Load data from Google AdWords to Snowflake
Usually, data is loaded into Snowflake in a bulk way, using the COPY INTO command. Files containing data, usually in JSON format, are stored in a local file system or in Amazon S3 buckets. Then a COPY INTO command is invoked on the Snowflake instance and data is copied into any data warehouse.
The files can be pushed into Snowflake using the PUT command, into a staging environment before the COPY command is invoked.
Another alternative is to upload data directly into a service like Amazon S3 from where Snowflake can access every data directly.
Finally, Snowflake offers a web interface as a data loading wizard where someone can visually setup and copy data into the data warehouse. Just keep in mind, that the functionality of this wizard is limited compared to the rest of the methods.
Snowflake in contrast to other technologies like Redshift, does not require a data schema to be packed together with the data that will be copied. Instead, the schema is part of the query that will copy data into the data warehouse. This simplifies the data loading process and offers more flexibility on data type management.
Updating your Google AdWords data on Snowflake
As you will be generating more data on AdWords, you will have to update your older data on Snowflake. This includes new records together with updates to older records that for any reason have been updated on Google AdWords.
You will need to periodically check AdWords for new data and repeat the process that has been described previously while updating your currently available data if needed. Updating an already existing row on a Snowflake table is achieved by creating UPDATE statements.
Snowflake has a great tutorial on the different ways of handling updates, especially using primary keys.

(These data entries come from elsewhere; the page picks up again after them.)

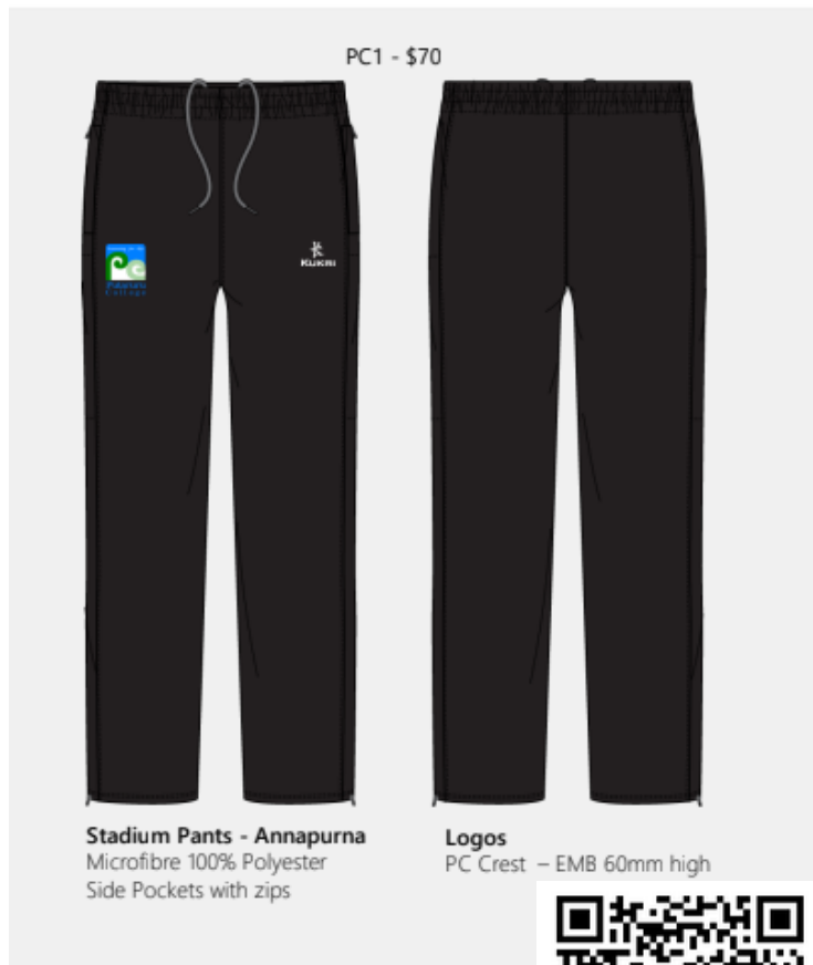
PC1 - $70
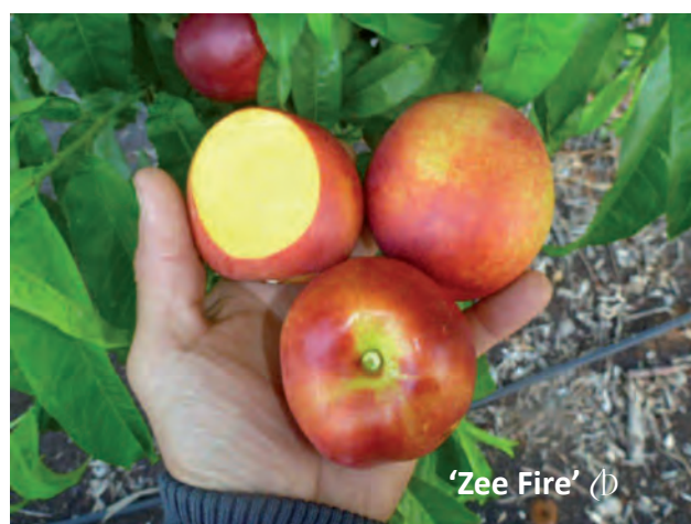
'Zee Fire' (b) Nectarine. Stage 2 Evaluation page 20.

PBR (b) Australia Unauthorised commercial propagation or sale, conditioning, export, import or stocking of propagating material of this variety is an infringement under the Plant Breeder's Rights Act 1994
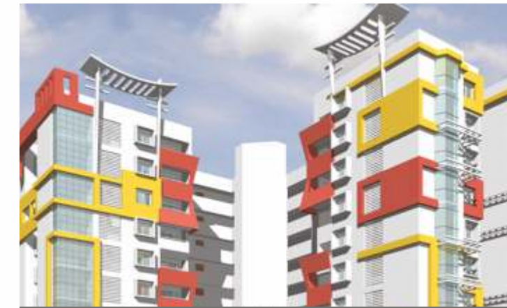
Durga Marine Drive, Patna
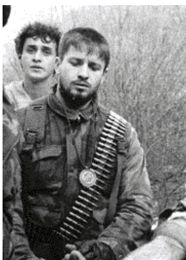
Naser Oric, main commander of the Muslim forces in the Srebrenica enclave.

Groups of armed Muslims in and around Srebrenica responded to these massive ethnic cleansing operations with a wave of coordinated attacks on Serb villages, which started in all earnest on 15 May. The villages initially targeted were Viogor, Orahovica and Osredak. These first operations were intended to link up various centres of Muslim resistance and create a compact Muslim-controlled territory in a semi-circle west of Srebrenica (at the perimeters of which lay Potocari, Srebrenica, Sucaska, and Zeleni Jadar). 618 During these attacks, Serb villages were plundered and burned down, and several Serbs were killed. Generally, however, the number of Serb casualties was low because most of the population (particularly women and children) had already taken refuge in Bratunac or elsewhere. On 16 May, Serb forces carried out a counterattack from Milici, trying to raid the Muslim stronghold of Sucaska west of Srebrenica. But local commander, Zulfo Tursunovic, managed to overcome the Serbs, a victory that cost both Serb and Muslim casualties. 619 Serb forces retaliated by encircling the village of Zaklopača, a few miles west of the town of Milici. There, they carried out a massacre the very same day,
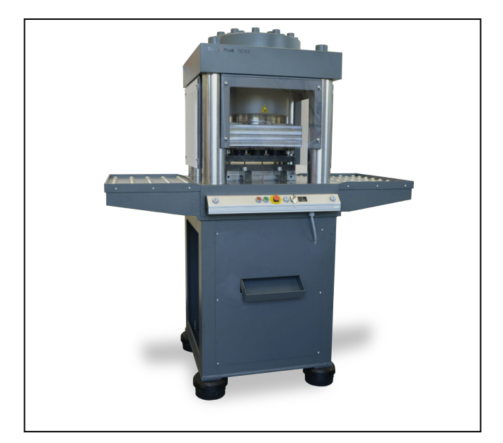
RZ 100 hydraulic blanking machine

The open design of the machine and the blanking tool (C-shape) allows removal of test pieces from sheets and foils also. If several blanking tools are in use, the side extension table (option) is recommended. This is in the form of a roller table and enables the blanking tools not currently required to be stored out of the way. Using the extension table, tool changes take about 20 seconds, offering significant time-savings in the event of frequent tool changes. The M-cut 65 specimen blanking machine (for 650kN compressive force) is suitable for material thicknesses from 0.04 to 6mm (depending on tensile strength and specimen shape).
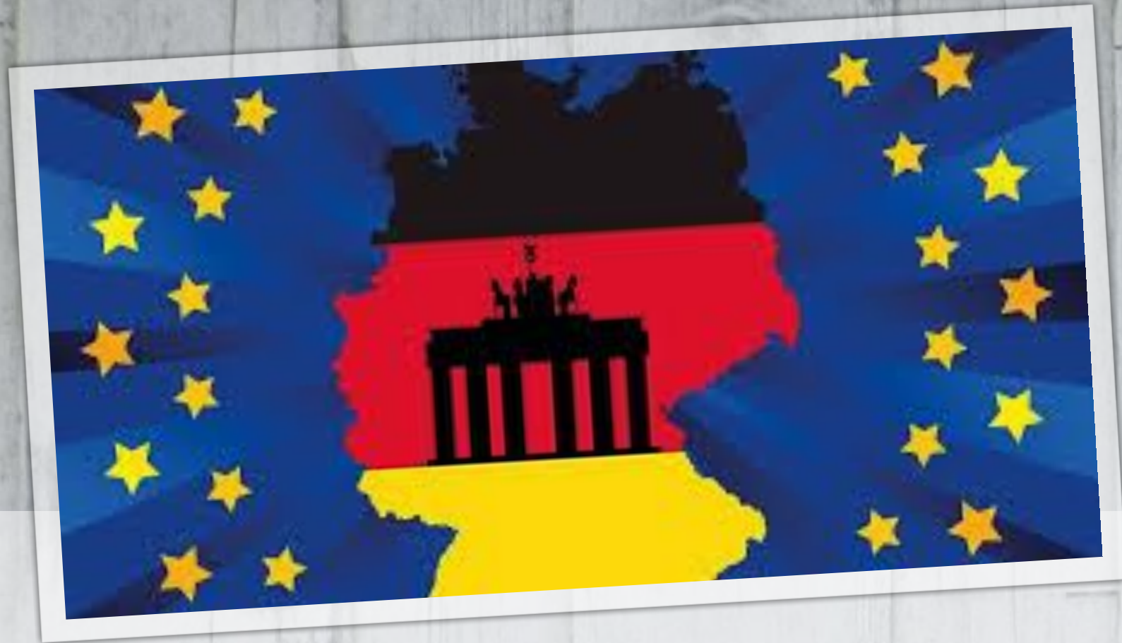
Host country culture

Slightly dominant of cultural orientation

Another issue that you need to take care of is the identification and removal of any duplicate records on your database. Either because Google AdWords does not have a mechanism to identify new and updated records or because of errors on your data pipelines, duplicate records might be introduced to a database.
In general, ensuring the quality of data that is inserted in your database is a big and difficult issue.
The best way to load data from Google AdWords to Snowflake
So far we just scraped the surface of what you can do with Snowflake and how to load data into it. Things can get even more complicated if you want to integrate data coming from different sources.